» Source material
* * * * * * * * *

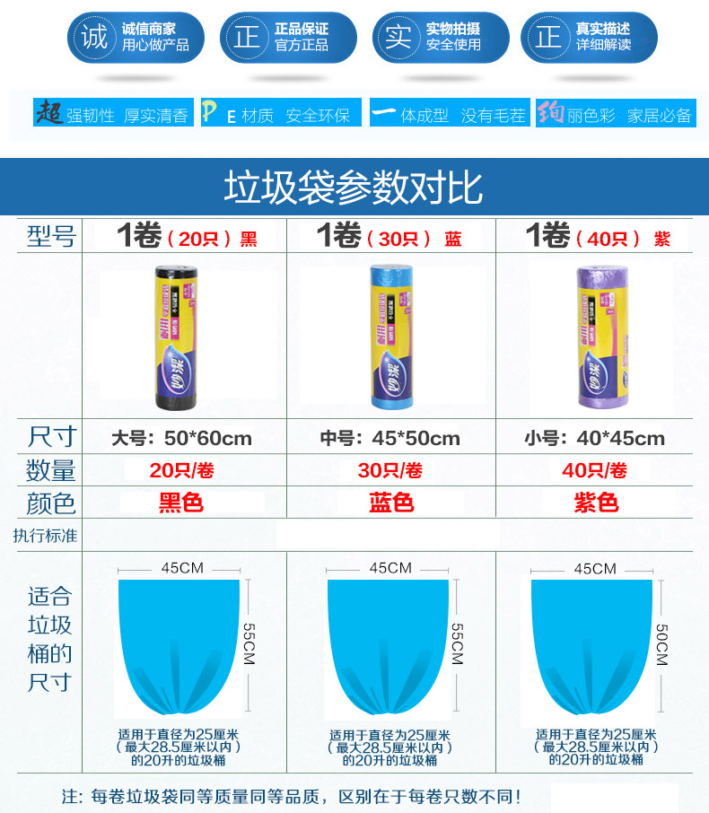 蓝色加厚新料垃圾袋(30卷/包)100*120/50*60
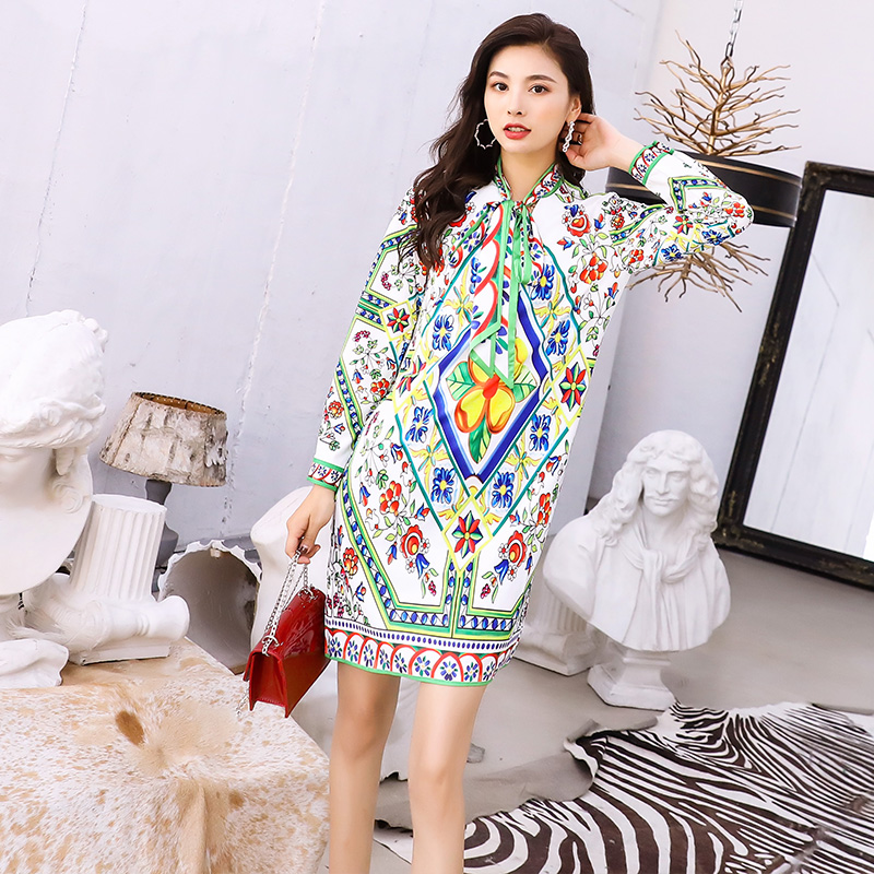 / 連衣裙秋裝2018秋新款印花女裝名媛氣質女神范中長款收腰顯瘦裙子
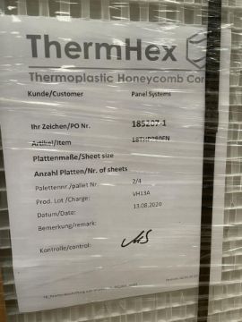 ThermHex is an innovative material primarily used in the production of lightweight sandwich panels. It is manufactured from polypropylene (PP) honeycomb that offers a weight saving of up to 85%, compared with other core materials, such as plywood.
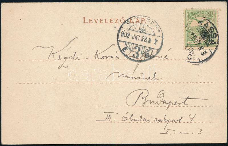 Description: 1902 Kézdi-Kovács László (1864-1942) festőművész, műkritikus autográf sorai a kassai dómot megörökítő, családjának küldött képeslapon: "Ez az ország legszebb temploma! (...)".
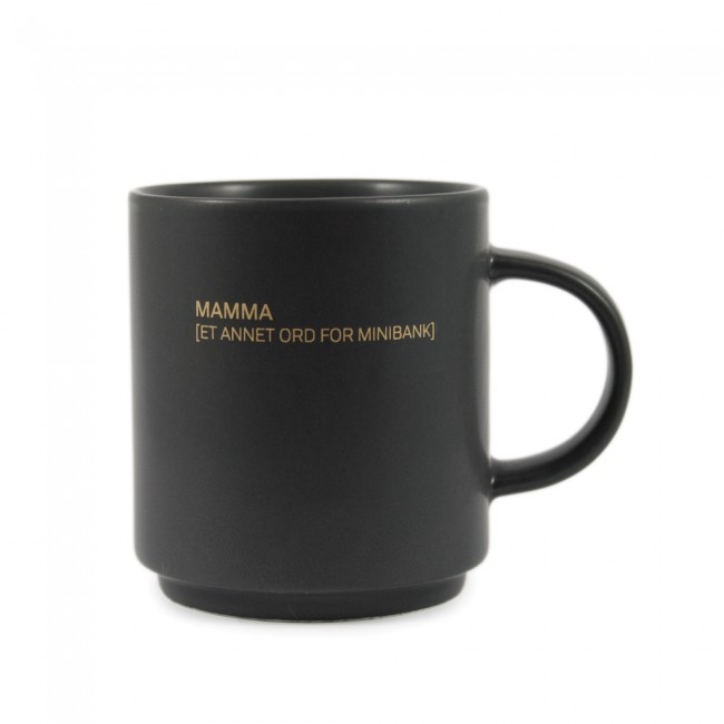 Kopp i keramikk med matt overflate og norsk tekst: "Mamma Et annet ord for minibank"
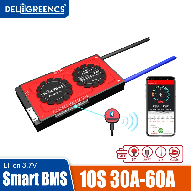 BMS 10S Smart BMS 30A 40A 60A UART 485 Bluetooth CAN BT для 36 В литий-ионного аккумулятора, блок хранения энергии с балансом
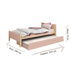 Cama Solteiro com Auxiliar Simba Rosa Acetinado com Pés Natural – Reller
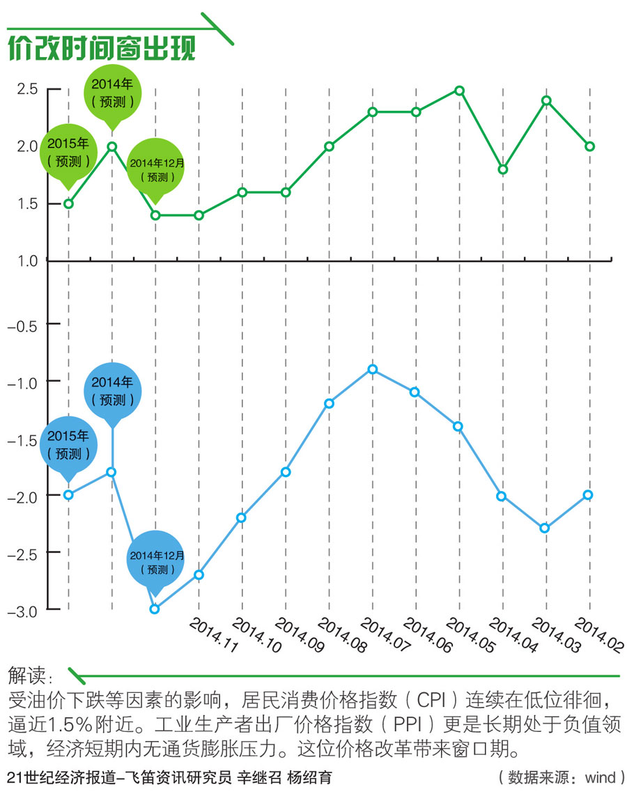 而 當下,價改遇到了最小阻力,是難得窗口期。一方面,由於消費者價格指數(CPI)和生產者價格指數(PPI)在低位運行,民間對價格改革後可能出現的價格 上漲具有較強消化力;另一方面,經濟進入新常態,經濟改革進入深水區,價格改革可成為經濟改革的抓手,從而激發經濟活力。
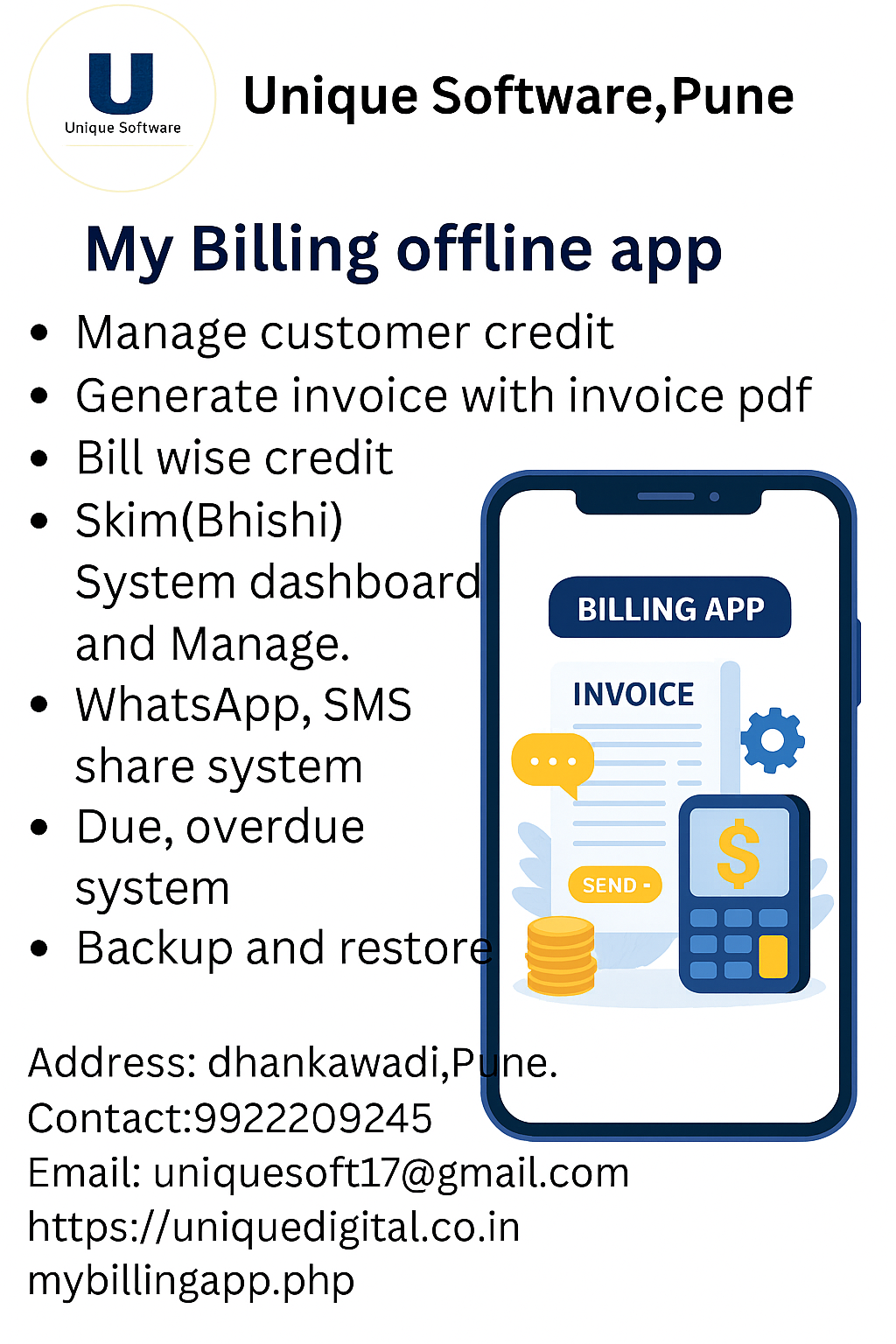 Unique Software,Pune - SMS App and Digital Website - My Billing Offline App - Smart Jewellery App - Advance Jewellery Software - Milk Dairy Software. - E - Commerse site

* * * * * * * * *

» Task objective
The line holding "BMS 10S Smart" starts the copy and the line holding "Cama Solteiro com" ends it. Repeat those two lines above and all between them exactly, leaving out pictures.

» Answer area
 BMS 10S Smart BMS 30A 40A 60A UART 485 Bluetooth CAN BT для 36 В литий-ионного аккумулятора, блок хранения энергии с балансом
 Cama Solteiro com Auxiliar Simba Rosa Acetinado com Pés Natural – Reller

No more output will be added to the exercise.